Without changing a thing, reproduce the entire listing and leave out its pictures.

** GIVEN INFORMATION follows **

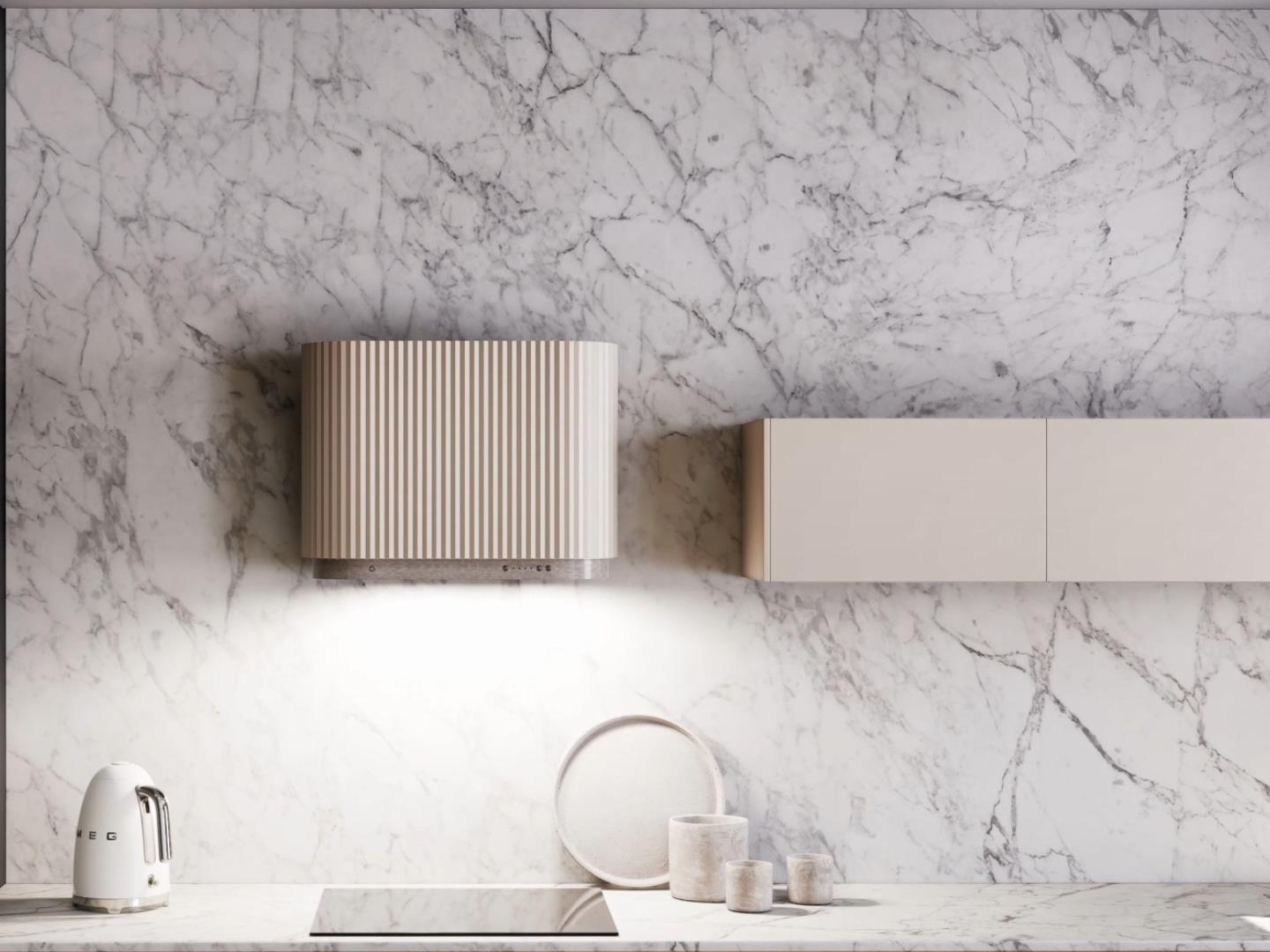 Odsavač Mono 60 ve svěžím designu ecru se snadno začlení do vaší kuchyně a nabízí efektivní provoz díky svému výkonnému invertorovému motoru.
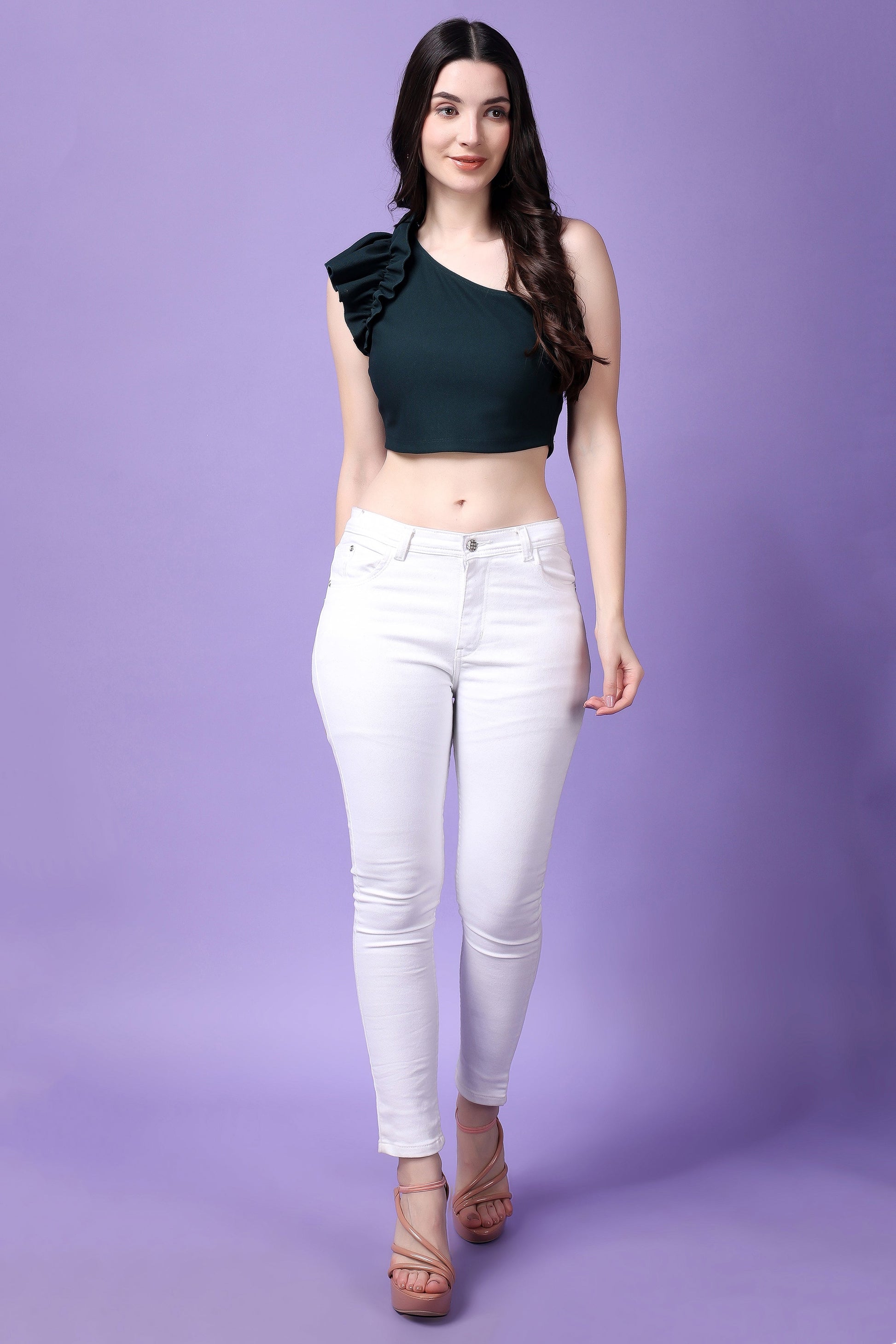"Step into the spotlight with our chic one-shoulder cotton twill top, where modern sophistication meets timeless allure. With its sleek silhouette and bold asymmetry, this piece exudes an air of understated elegance, perfect for commanding attention at any soirée or brunch affair. Crafted from sumptuously soft twill fabric, it drapes gracefully over your curves, offering both comfort and style in equal measure. Whether paired with tailored trousers for a polished look or with distressed denim for an edgy vibe, this versatile top is a must-have addition to your wardrobe, promising effortless sophistication with every wear."
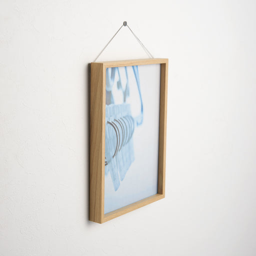 A photo frame made from sturdy wood material. Finished with oak to easily blend in with the interior colour.

** End of GIVEN INFORMATION **

> _RESPONSE_
 Odsavač Mono 60 ve svěžím designu ecru se snadno začlení do vaší kuchyně a nabízí efektivní provoz díky svému výkonnému invertorovému motoru.
"Step into the spotlight with our chic one-shoulder cotton twill top, where modern sophistication meets timeless allure. With its sleek silhouette and bold asymmetry, this piece exudes an air of understated elegance, perfect for commanding attention at any soirée or brunch affair. Crafted from sumptuously soft twill fabric, it drapes gracefully over your curves, offering both comfort and style in equal measure. Whether paired with tailored trousers for a polished look or with distressed denim for an edgy vibe, this versatile top is a must-have addition to your wardrobe, promising effortless sophistication with every wear."
 A photo frame made from sturdy wood material. Finished with oak to easily blend in with the interior colour.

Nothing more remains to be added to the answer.